Franco corrado
LE SUGGESTIONI MAGICHE DI UNA NATURA REINVENTATA
Quando Gaetano Ligrani affidava le sue emozioni colorate alla carta liscia o rugosa, supporto tradizionale dell’acquarello, il suo modo di esprimersi aveva un che di intimistico, legato a uno stretto colloquio con la natura e con le sue cose.
Nel trascorrere del tempo (dalla prima all’attuale maniera del pittore intercorre circa un ventennio), quella sorta di rapporto simbiotico con “la madre di tutte le cose” non è mutato; anzi, si è andato consolidando, con un più accentuato ricorso ad un linguaggio dell’anima per rendere, in chiave metafisica, vagheggiate realtà ambientali.
Alla carta si è sostituita la tela, al plein air è subentrata la meditazione dello studio. Ed ecco, allora, la proposta di tutta una serie di nuove architetture sul tema natura che, riallacciandosi in qualche modo alla ricerca degli inizi, danno il senso di una pittura sospesa tra il reale e l’irreale, con composizioni più costruite, più pensate, fra le variazioni della luce che le avvolge, in un alternarsi di chiarori e di toni più smorzati, crepuscolari e anche notturni.
Questo particolare approccio paesistico, derivazione di un fervoroso fantasticare, si materializza – in una ricercata continuità, oltre che continuità tra interni ed esterni – attraverso i riquadri di finestre e di luci di archi che agiscono da quinte su uno scenario suggerito dal reale e rielaborato; e caratterizzato da una pressante inventiva.

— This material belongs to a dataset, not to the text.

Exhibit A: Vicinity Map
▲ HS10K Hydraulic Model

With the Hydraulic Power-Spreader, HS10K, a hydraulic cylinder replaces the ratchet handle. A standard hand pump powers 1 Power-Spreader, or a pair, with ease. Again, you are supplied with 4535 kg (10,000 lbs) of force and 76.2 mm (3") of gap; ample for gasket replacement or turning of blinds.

Le capacità descrittive di Ligrani trovano così modo di manifestarsi in una fusione di coloratissime nature morte e di vedute su cui gravano arcane atmosfere; e, ancora, in una proposta di scenari naturalistici, con colline dalle accentuate curvature semicircolari che si accavallano verso l’alto in un’altalena di verdi e di azzurri; in un prepotente affacciarsi, in primo piano, di alberi dalle movimentate cupole e, nella disposizione più discreta di altre presenze arboree (sagome di cipressi, come quelli – carducciani di Bolgheri “alti e schietti”) che si stagliano su irti pendii; in surrealisteggianti rilievi che hanno le forme o di torri ellittiche su cui sorgono borghi incantati o di isole che assumono la sagoma di cetacei emergenti da ristrette porzioni marine, in case contadine che ricordano l’impianto disegnativo e coloristico di un Carrà; nelle immancabili cavità del suolo, antri che si intuiscono o macchie nere in grande evidenza, in cui tendono ad infilarsi (quasi allusiva penetrazione) treni che sembrano protesi a viaggiare metaforicamente all’interno della realtà per scoprirne l’anima.
Nelle suggestioni magiche di siffatti paesaggi, inventati e proposti per tratti emblematici, Gaetano Ligrani (o se più piace, GALI, come firma da qualche tempo i suoi lavori riconducendo a sintesi nome e cognome), tuffa le pulsioni del suo “io” di artista per raccontare sensazioni che gli appartengono in prima persona e delle quali ci trasmette lo spirito proponendoci – per il tramite di colorate impressioni sulla tela- sempre coinvolgenti emozioni.